§ **The problem**
From the first line to the last, please reproduce the material exactly, skipping the pictures.

§ **Supplied data**
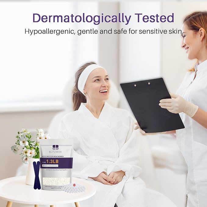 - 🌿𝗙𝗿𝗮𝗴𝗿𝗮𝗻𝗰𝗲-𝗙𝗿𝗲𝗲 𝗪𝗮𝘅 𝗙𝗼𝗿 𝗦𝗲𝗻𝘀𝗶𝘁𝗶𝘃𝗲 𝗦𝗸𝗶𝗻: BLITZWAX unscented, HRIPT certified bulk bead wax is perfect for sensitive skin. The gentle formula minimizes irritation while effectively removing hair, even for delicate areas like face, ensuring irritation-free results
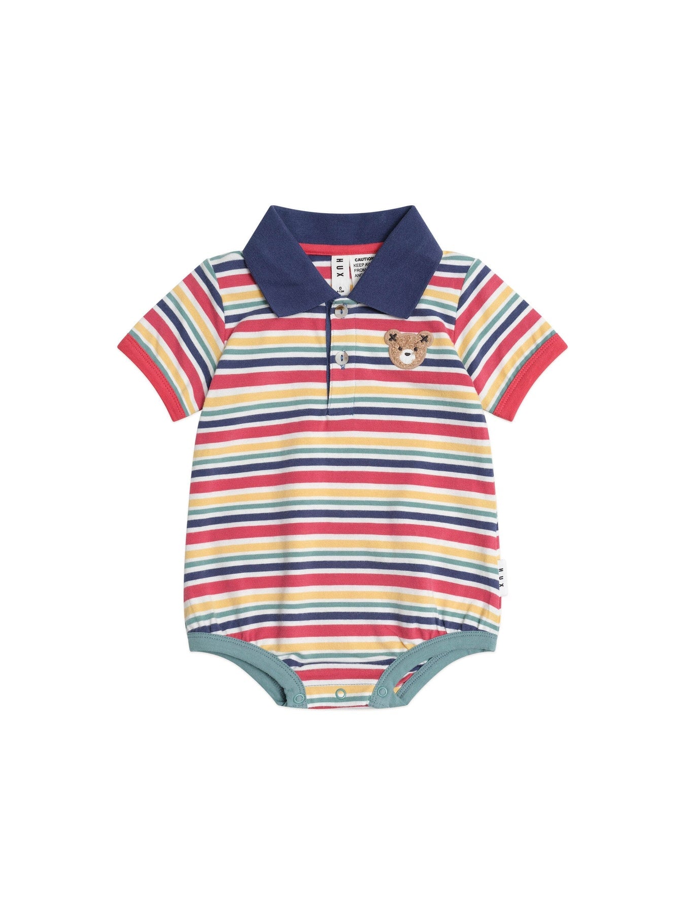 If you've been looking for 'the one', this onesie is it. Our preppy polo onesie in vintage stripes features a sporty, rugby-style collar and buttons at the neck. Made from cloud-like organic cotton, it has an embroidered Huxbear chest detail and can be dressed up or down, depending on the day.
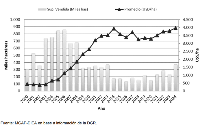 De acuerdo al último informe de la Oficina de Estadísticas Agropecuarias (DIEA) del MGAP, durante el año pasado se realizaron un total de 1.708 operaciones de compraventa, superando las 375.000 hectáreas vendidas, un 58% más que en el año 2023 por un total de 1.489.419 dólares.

§ **Your response**
 - 🌿𝗙𝗿𝗮𝗴𝗿𝗮𝗻𝗰𝗲-𝗙𝗿𝗲𝗲 𝗪𝗮𝘅 𝗙𝗼𝗿 𝗦𝗲𝗻𝘀𝗶𝘁𝗶𝘃𝗲 𝗦𝗸𝗶𝗻: BLITZWAX unscented, HRIPT certified bulk bead wax is perfect for sensitive skin. The gentle formula minimizes irritation while effectively removing hair, even for delicate areas like face, ensuring irritation-free results
 If you've been looking for 'the one', this onesie is it. Our preppy polo onesie in vintage stripes features a sporty, rugby-style collar and buttons at the neck. Made from cloud-like organic cotton, it has an embroidered Huxbear chest detail and can be dressed up or down, depending on the day.
 De acuerdo al último informe de la Oficina de Estadísticas Agropecuarias (DIEA) del MGAP, durante el año pasado se realizaron un total de 1.708 operaciones de compraventa, superando las 375.000 hectáreas vendidas, un 58% más que en el año 2023 por un total de 1.489.419 dólares.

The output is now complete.